:: Problem requirements ::
Retype every line from the start of the data down to and including the line with "El sabado 28". Skip the pictures.

Extracted data entries

--*--

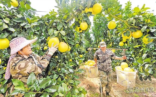 梅州杉富綠色生態農業發展有限公司蜜柚種植基地柚果豐收。
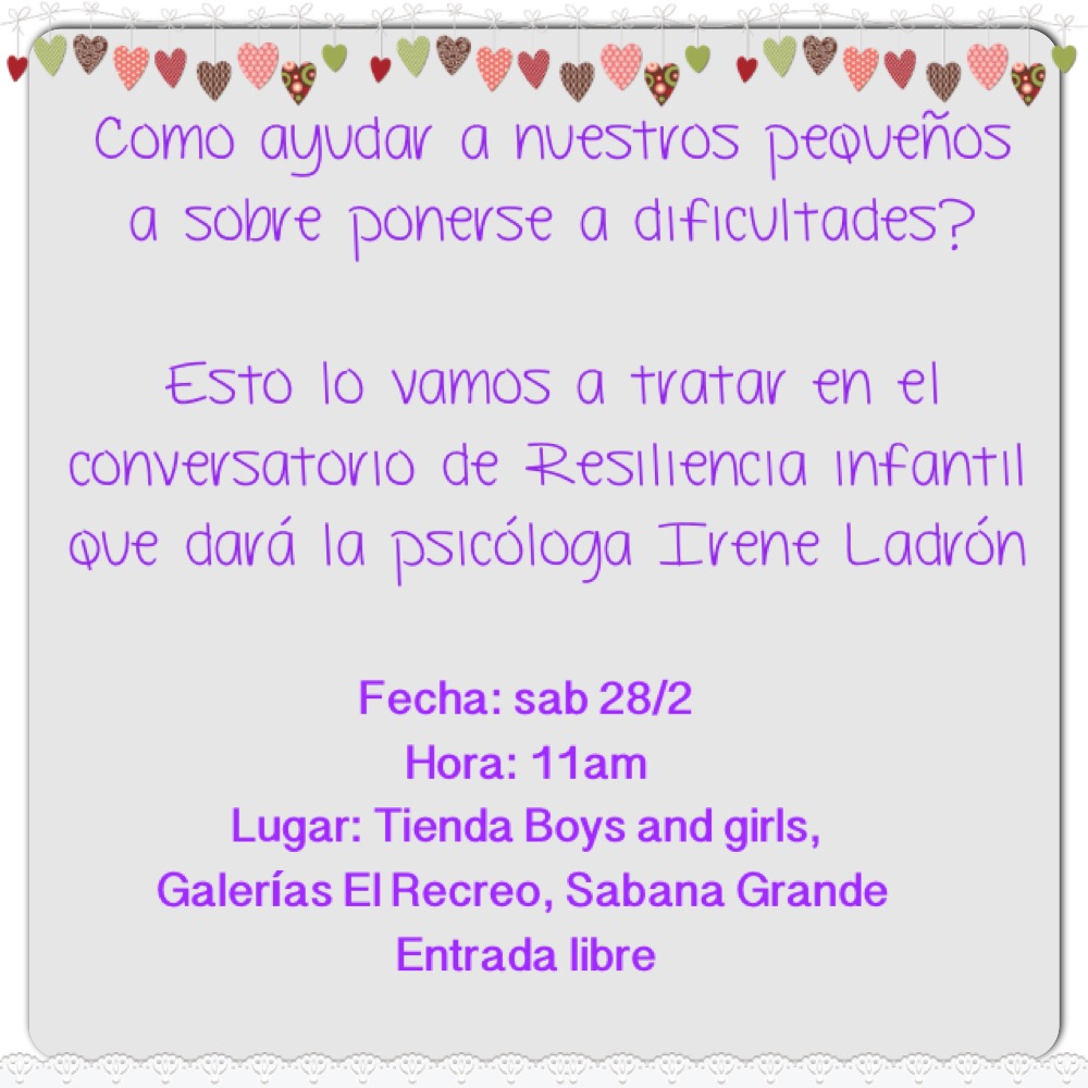 El sabado 28 de febrero a las 11am se realizará un conversatorio sobre Resiliencia infantil con la psicologa, Irene Ladron (@infanciaenmas)en nuestra tienda. Entrada libre
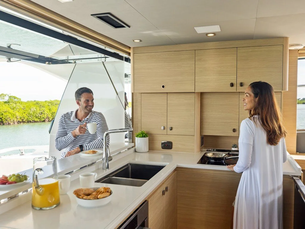 The fully equipped galley is designed for effortless entertaining, featuring an induction stove and fold out breakfast bar. Its seamless connection to the aft deck means you can prepare delicious meals while still being part of the conversation — sharing stories from the day’s adventures and planning tomorrow’s explorations.
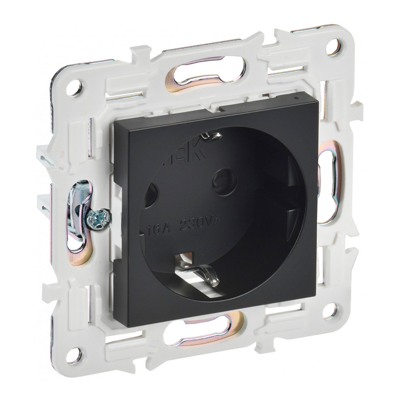 Главная ЭЛЕКТРИКА Выключатели, розетки IEK SKANDY Розетка 1СП с/з с защ.шт. 16А черный IEK SKANDY
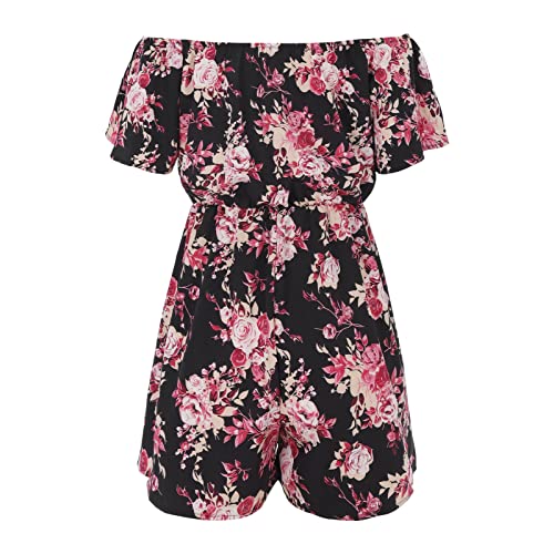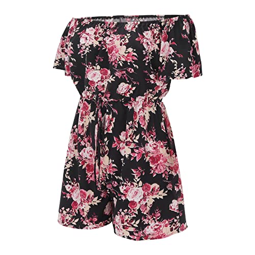 Generic Pantaloni estivi regolabili da donna, tutina a maniche corte, stampa corta, tuta floreale da donna, Nero, L

--*--

:: Response to the exercise ::
 梅州杉富綠色生態農業發展有限公司蜜柚種植基地柚果豐收。
 El sabado 28 de febrero a las 11am se realizará un conversatorio sobre Resiliencia infantil con la psicologa, Irene Ladron (@infanciaenmas)en nuestra tienda. Entrada libre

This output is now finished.